Concrete projection of a polyhedron in half-space representation.

Input

  • P – set
  • block – block structure, a vector with the dimensions of interest

Output

A set representing the projection of P on the dimensions specified by block.

Notes

Currently only the case where the unconstrained dimensions of P are a subset of the block variables is implemented.

Examples

Consider the four-dimensional cross-polytope (unit ball in the 1-norm):

julia> using LazySets.Approximations: project

julia> P = convert(HPolyhedron, Ball1(zeros(4), 1.0));

All dimensions are constrained, and computing the (trivial) projection on the whole space behaves as expected:

julia> constrained_dimensions(P)
4-element Array{Int64,1}:
 1
 2
 3
 4

julia> P_1234 = project(P, [1, 2, 3, 4]);

julia> P_1234 == P
true

Each constraint of the cross polytope is constrained in all dimensions.
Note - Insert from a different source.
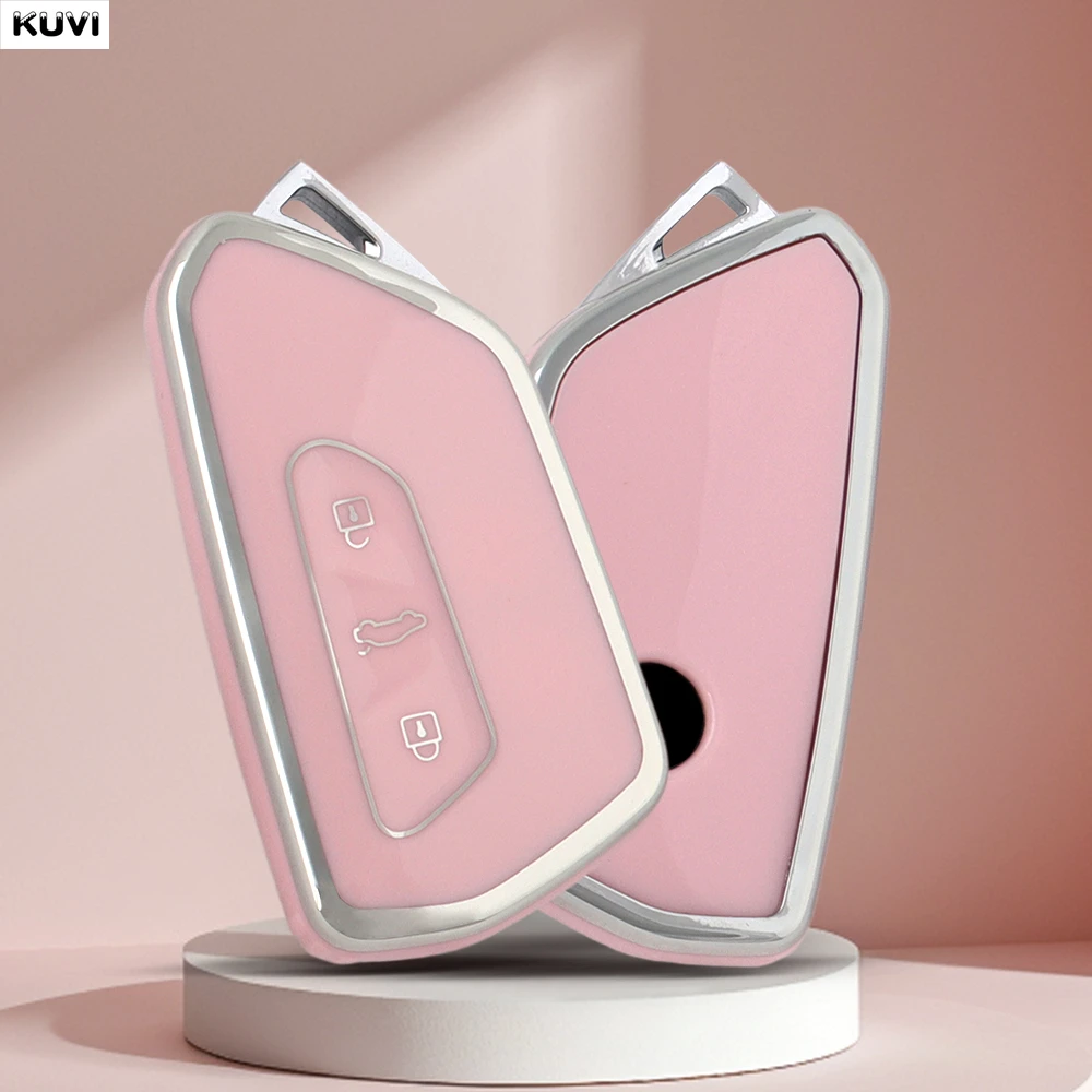 New Pink TPU Car Remote Key Case Cover Shell Fob For VW Volkswagen Golf 8 2020 Skoda Octavia A8 2021 SEAT Leon MK4 Accessories
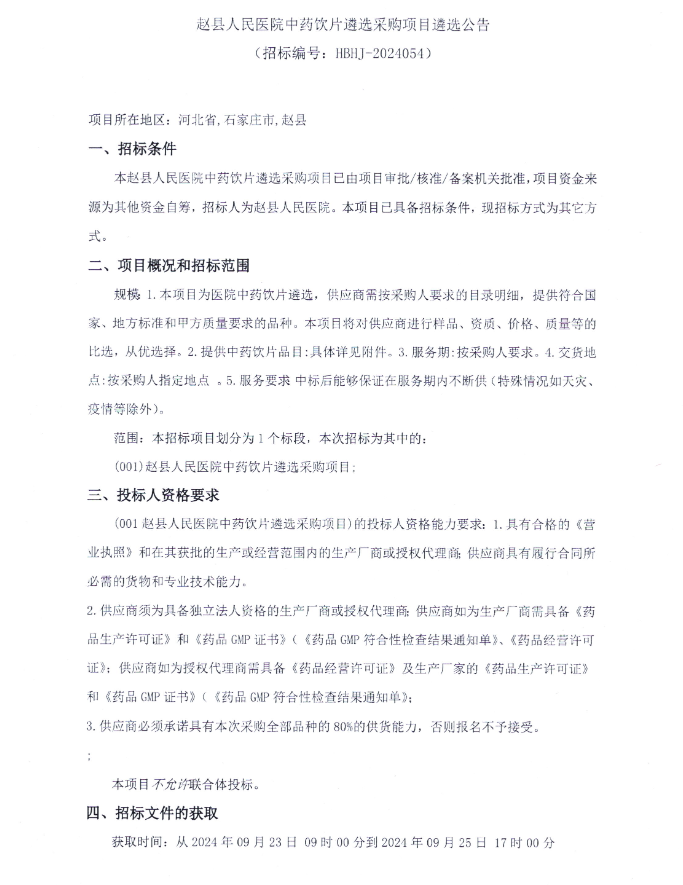 【石家庄市赵县人民医院】河北省石家庄市赵县人民医院中药饮片遴选采购项目遴选公告

Now let's take a ball in the infinity norm and remove some constraints:

julia> B = BallInf(zeros(4), 1.0);

julia> c = constraints_list(B)[1:2]
2-element Array{HalfSpace{Float64},1}:
 HalfSpace{Float64}([1.0, 0.0, 0.0, 0.0], 1.0)
 HalfSpace{Float64}([0.0, 1.0, 0.0, 0.0], 1.0)

julia> P = HPolyhedron(c);

julia> constrained_dimensions(P)
2-element Array{Int64,1}:
 1
 2

Finally we take the concrete projection onto variables 1 and 2:

julia> project(P, [1, 2]) |> constraints_list
2-element Array{HalfSpace{Float64},1}:
 HalfSpace{Float64}([1.0, 0.0], 1.0)
 HalfSpace{Float64}([0.0, 1.0], 1.0)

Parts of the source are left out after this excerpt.